Interview mit Juliane Köhler

„Irgendwann werde ich alt aussehen. Natürlich!“

Von Stefanie Schütte
 - 16:48

Frau Köhler, wir möchten mit Ihnen über Ihre Schönheitsgeheimnisse sprechen. Sie sehen mit Anfang 50 fast makellos aus mit einer sehr guten Haut. Besitzen Sie irgendeine Wundercreme? Und wenn ja, wie heißt die?

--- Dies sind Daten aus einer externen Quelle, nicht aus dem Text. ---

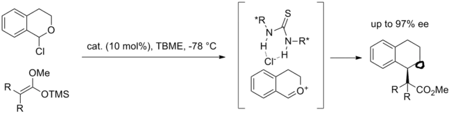 Asymmetric ion pairs can also be attacked in intermolecular reactions. In an interesting example, asymmetric addition of enol silane nucleophiles to oxocarbenium ions can be effected by catalytically forming the oxocarbenium through anion binding.[13] Starting from an acetal, the chloroether is generated with boron trichloride and reacted with the enol silane and catalyst. The mechanism of formation of the oxocarbenium-thiourea-chloride complex is not fully resolved. It is thought that under the reaction conditions, the chloroether can epimerize and thiourea can stereoselectively bind chloride to form a closely associated ion pair. This asymmetric ion pair is then attacked by the silane to generate alkylated product.

Darauf gibt es mehrere Antworten. Eine davon ist wohl, dass ich nur Naturkosmetik von Dr. Hauschka benutze. Ich muss hier etwas ausholen: Nach dem Konzept dieser Marke trägt man eigentlich nicht so viel Creme auf. Sondern man erzieht die Haut dazu, sich selbst wieder zu versorgen. Man durchläuft dafür erst einmal eine Phase mit Trockenheitsgefühlen, weil man sich nicht eincremen soll. Stattdessen benutzt man ein Gel oder ein klärendes Spray. Dann lernt die Haut nach und nach, selbst wieder Fett und Feuchtigkeit zu produzieren. Das ist genau das Gegenteil von der Wirkung herkömmlicher Cremes. Die sind halt alle sehr reichhaltig. Da stopft man sozusagen die Poren voll. Dann ist man vielleicht kurzfristig glücklich. Aber längerfristig ist dieses Dr.-Hauschka-Prinzip einleuchtend, finde ich. Ich mache das seit Jahren, und es ist wirklich toll. Ich habe aber auch noch ein wirkliches Wundermittel. Das ist ein kleiner sogenannter Gua-Sha-Schaber für die Haut. Diese Technik kommt aus China.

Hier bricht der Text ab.